The nonblittable managed data types that might require conversion during marshaling because of different or ambiguous unmanaged representation are as follows:

  • bool (1-byte, true = 1, false = 0) can be converted either to native type bool (4-byte, true = 1, false = 0) or to variant bool (2-byte, true = 0xFFFF, false = 0).

  • char (Unicode character, unsigned 2-byte integer) can be converted either to int8 (an ANSI character) or to unsigned int16 (a Unicode character).

  • string (class System.String) can be converted either to an ANSI or a Unicode zero-terminated string (an array of characters) or to bstr (a Unicode Visual Basic style string).

  • object (class System.Object) can be converted either to a structure or to an interface pointer.

  • class can be converted either to an interface pointer or, if the class is a delegate, to a function pointer.

  • valuetype (nonblittable) is converted to a structure with a fixed layout.

  • An array and a vector can be converted to a safe array or a C-style array.

The references (managed pointers) are marshaled as unmanaged pointers. The managed objects and interfaces are references in principle, so they are marshaled as unmanaged pointers as well. Consequently, references to the objects and interfaces (class IFoo&) are marshaled as double pointers (IFoo**).

In/Out Parameters

The method parameter flags in and out can be (but are not necessarily) taken into account by the marshaler. When that happens, the marshaler can optimize the process by abandoning the marshaling in one direction. By default, parameters passed by reference (including references to objects but excluding the objects) are presumed to be in/out parameters, whereas parameters passed by value (including the objects, even though managed objects are in principle references) are presumed to be in parameters. The exceptions to this rule are the [mscorlib]System.Text.StringBuilder class, which is always marshaled as in/out, and classes and arrays containing the blittable types that can be pinned—which, if the in and out flags are explicitly specified, can be two-way marshaled even when passed by value.

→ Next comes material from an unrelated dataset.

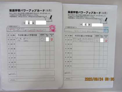 水曜日から家庭学習パワーアップ週間が始まっています。子供たちは、5年生の家庭学習の目標時間「50分」を目指して頑張っています。涼しくなり、少し過ごしやすくなった今、落ち着いて学習に取り組めるといいですね。
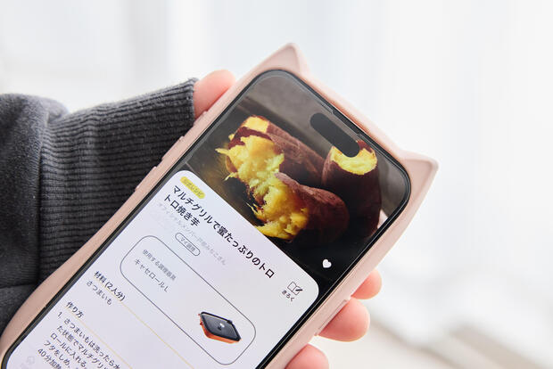 もうひとつ、家族に大好評だったのが、マルチグリルで作った焼き芋。使ったのは、地元・新潟のさつまいも「いもジェンヌ」。子どもが芋掘りで持ち帰ってきたものが残っていて、レシピを見たところ「焼き芋」が載っていたので試しに作ってみたら…すごく美味しく焼き上がりました。子どもたちも大喜びで、あっという間になくなってしまいましたね。スーパーでも焼き芋は買えますが、やはり焼きたてが一番。トースターで試したこともありますけど、なかなか上手くできなくて。焼き芋メーカーを買おうかと本気で考えていたくらいです。マルチグリルでこんなに美味しくできるので、買う必要も無くなりました。家族みんな焼き芋大好きなので、とても助かっています。家電を新しく買わなくていいという意味でも、お得に感じています。

Considering that managed objects don’t necessarily stay in one place and can be moved any time the garbage collector does its job, it is vital to ensure that the arguments of an unmanaged call don’t wander around while the call is in progress. This can be accomplished in the following two ways:

  • Pin the object for the duration of the call, preventing the garbage collector from moving it. This is done for the instances of formatted, blittable classes that have fixed layout in memory, invariant to managed or unmanaged code.

  • Allocate some unmovable memory. If the parameter has an in flag, marshal the data from the argument to this unmovable memory. Call the method, passing this memory as the argument. If the parameter has an out flag, marshal this memory back to the original argument upon completion of the call.

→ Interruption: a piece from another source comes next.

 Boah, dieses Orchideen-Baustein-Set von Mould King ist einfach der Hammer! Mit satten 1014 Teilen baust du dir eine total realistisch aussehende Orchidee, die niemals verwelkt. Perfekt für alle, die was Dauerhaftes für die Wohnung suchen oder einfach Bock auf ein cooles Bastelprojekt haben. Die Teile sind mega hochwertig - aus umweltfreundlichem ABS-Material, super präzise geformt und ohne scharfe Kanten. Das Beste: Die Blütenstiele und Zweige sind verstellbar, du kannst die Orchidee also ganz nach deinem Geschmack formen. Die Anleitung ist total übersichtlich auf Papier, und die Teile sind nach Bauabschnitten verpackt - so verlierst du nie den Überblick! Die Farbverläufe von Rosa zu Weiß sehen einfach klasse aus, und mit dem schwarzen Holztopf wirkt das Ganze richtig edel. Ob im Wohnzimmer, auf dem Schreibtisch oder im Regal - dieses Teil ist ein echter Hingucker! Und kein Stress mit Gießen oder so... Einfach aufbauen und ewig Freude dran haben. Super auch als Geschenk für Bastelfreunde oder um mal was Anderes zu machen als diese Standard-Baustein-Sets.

The ILAsm syntax for explicit marshaling definition of fields and method parameters is described in Chapter 8 and in Chapter 9, “Methods.” Chapter 7, “Primitive Types and Signatures,” discusses the native types used in explicit marshaling definitions. Rather than reviewing that information here, let’s discuss some interesting marshaling cases instead.

String Marshaling

String marshaling is defined in at least three places: a string conversion flag of a TypeDef (ansi, unicode, or autochar), a similar flag of a P/Invoke implementation map, and, explicitly, in marshal( ) clauses.

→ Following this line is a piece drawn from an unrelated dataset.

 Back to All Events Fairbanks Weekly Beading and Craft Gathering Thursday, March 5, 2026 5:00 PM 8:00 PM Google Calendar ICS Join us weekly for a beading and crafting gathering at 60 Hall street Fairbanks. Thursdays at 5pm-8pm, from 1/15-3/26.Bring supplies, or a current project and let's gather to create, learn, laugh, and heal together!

As method arguments, managed strings (instances of the System.String class) can be marshaled as the following native types:

  • lpstr, a pointer to a zero-terminated ANSI string

  • lpwstr, a pointer to a zero-terminated Unicode string

  • lptstr, a pointer to a zero-terminated ANSI or Unicode string, depending on the platform

  • bstr, a Unicode Visual Basic style string with a prepended length

  • ansi bstr, an ANSI Visual Basic style string with a prepended length

  • tbstr, an ANSI or Unicode Visual Basic style string, depending on the platform

The COM wrappers marshal the string arguments as lpstr, lpwstr, or bstr only. Other unmanaged string types are not COM-compatible.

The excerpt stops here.